Present-day lexicology makes use of a wide range of methods of linguistic inquiry, most notably contrastive, distributional, componential, oppositional, transformational analysis, etymological analysis, lexico-semantic analysis, cognitive-onomasiological analysis, semantic structure analysis, conceptual analysis, all kinds of statistical methods etc.

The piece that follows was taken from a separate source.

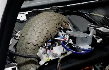 有網友在臉書「爆料公社」貼文表示,朋友在花蓮市的修車廠接到一台車,原來是有隻穿山甲卡在車子面板下的零件中,不知道該怎麼辦,只好通知動保協會幫忙。這組穿山甲受困的照片引來大批網友關注,並且都很訝異牠怎麼會在那裡。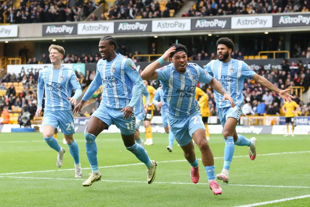 The Sky Blues reached the last four of the FA Cup via a 3-2 win over Wolves at Molineux, with strikers Ellis Simms and Haji Wright scoring in second half stoppage time.

Lexicology as a separate field of linguistic inquiry did not take shape until structural linguistics became firmly established on the linguistic scene in the early 20th century. It has to be pointed out, however, that the term “lexicology” itself was introduced as early as 1765 by D.Diderot and J.D’Alambert, who viewed lexicology as one of the branches of linguistics alongside syntax. The first attempts to make sense of and systematize the word-stock of language were made by the scholars of the Prague Linguistic Circle as well as German linguists working in the Neo-Humboldt tradition, notably L.Weisherber, J.Trier, H.Ipsen, V.Porzig and others. It must be noted, however, that even before them, these questions were given considerable attention by the Ukrainian linguist O.Potebnia and Russian semasiologist M.Pokrovsky.